• _Brief_
Write out each line below precisely, passing over the pictures.
====== Supplied material
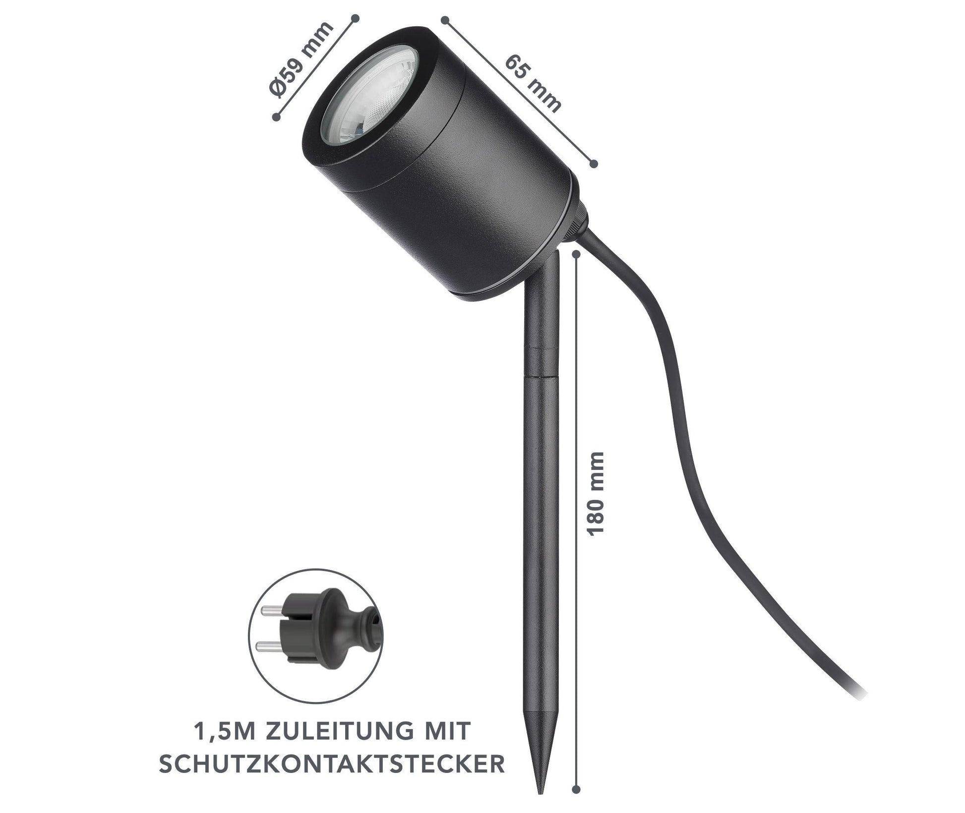 Einbautiefe (inkl. LED): 180 mm Erdspieß
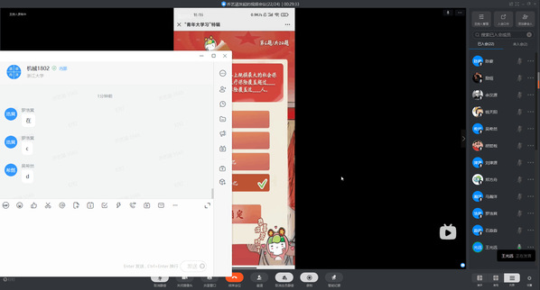 在视频学习之后,我们团支部再次重温了关于十九届五中全会的青年大学习视频,举办一个小型的知识静思啊,让同学们一起回答十九届五中全会的问题。
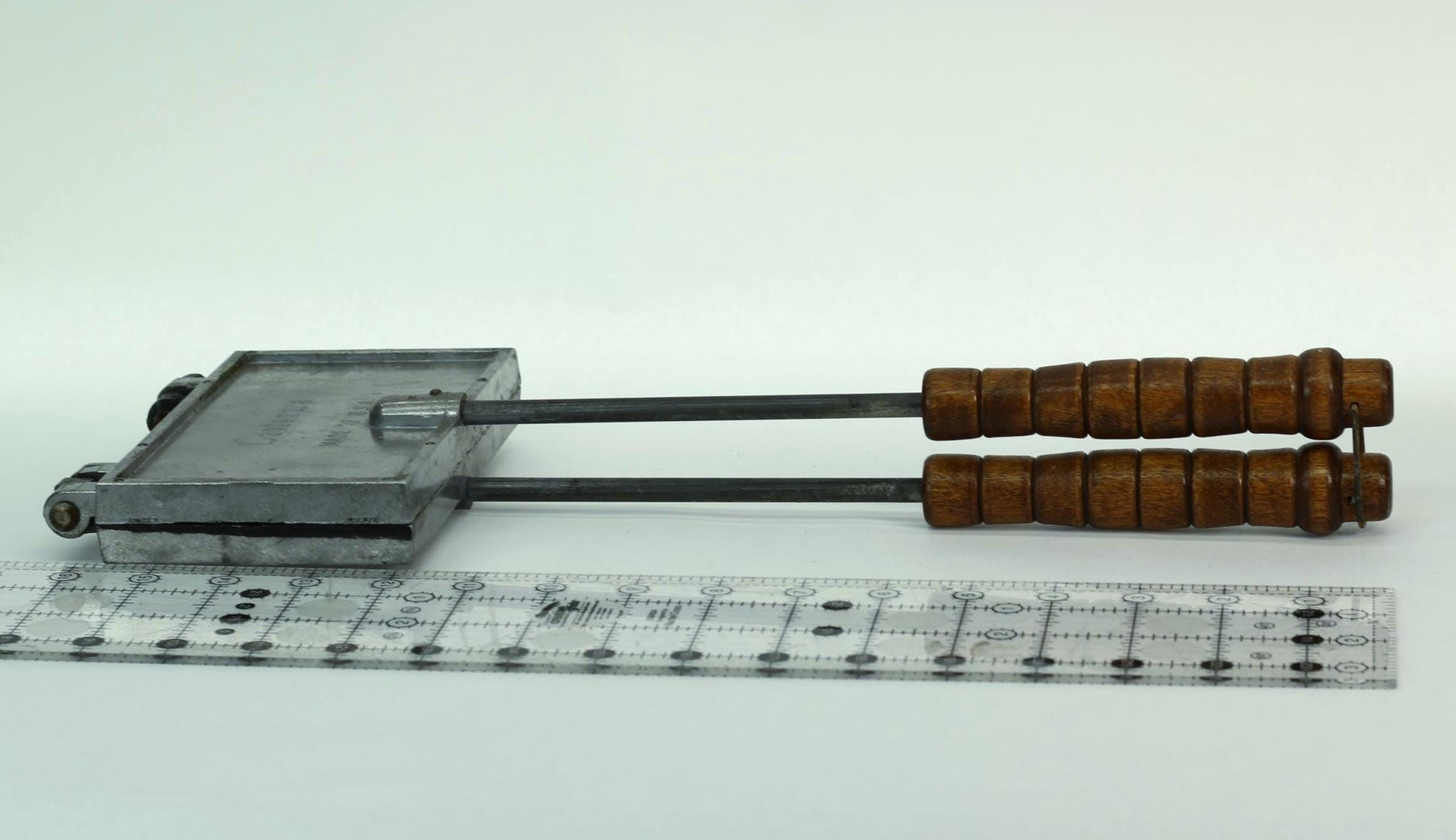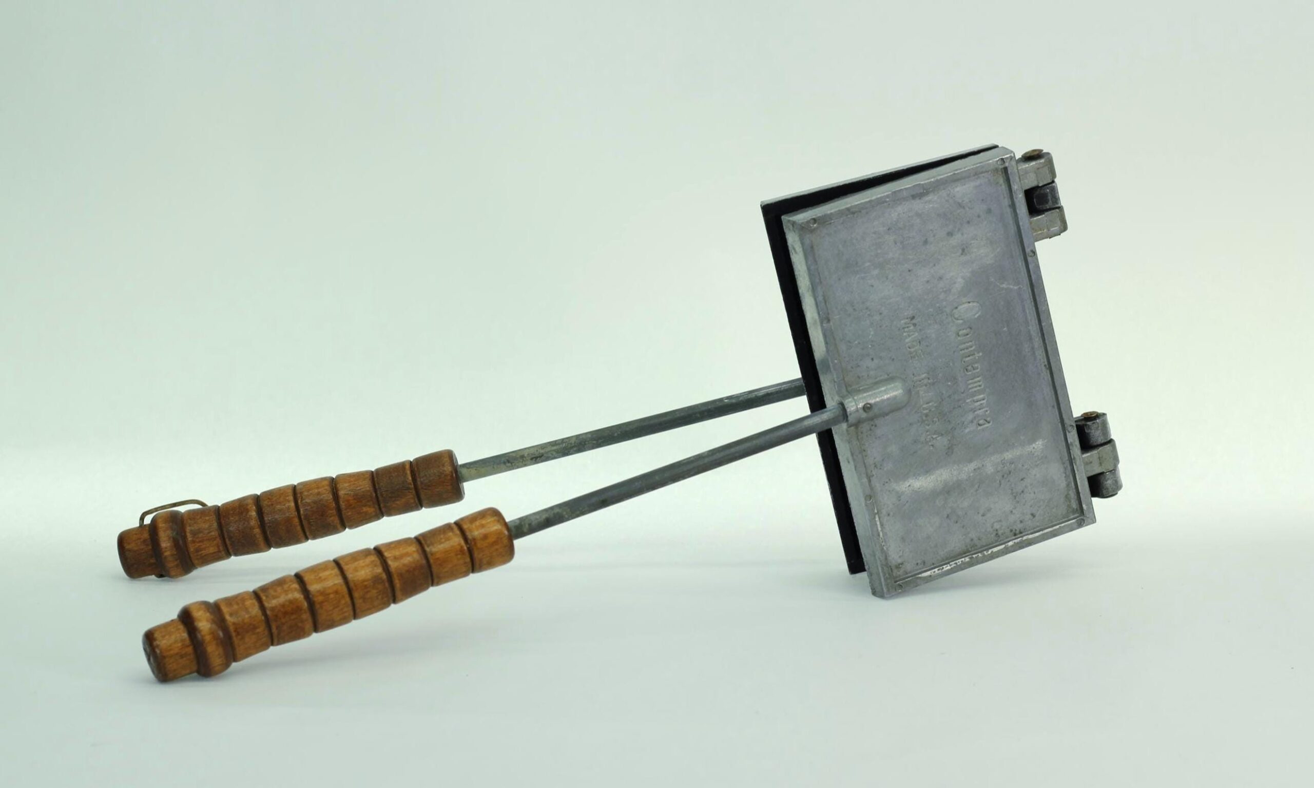 A classic piece of mid-century outdoor cookware, this hinged waffle iron was designed for cooking fresh waffles over a campfire, grill, or stovetop burner. With its long handles and clamshell plates, the iron can be flipped easily to cook both sides evenly.
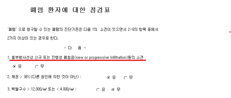폐렴 진단시 조건이 폐침윤의 유무인데요
============
• _Exercise answer_
 Einbautiefe (inkl. LED): 180 mm Erdspieß
 在视频学习之后,我们团支部再次重温了关于十九届五中全会的青年大学习视频,举办一个小型的知识静思啊,让同学们一起回答十九届五中全会的问题。
 A classic piece of mid-century outdoor cookware, this hinged waffle iron was designed for cooking fresh waffles over a campfire, grill, or stovetop burner. With its long handles and clamshell plates, the iron can be flipped easily to cook both sides evenly.
폐렴 진단시 조건이 폐침윤의 유무인데요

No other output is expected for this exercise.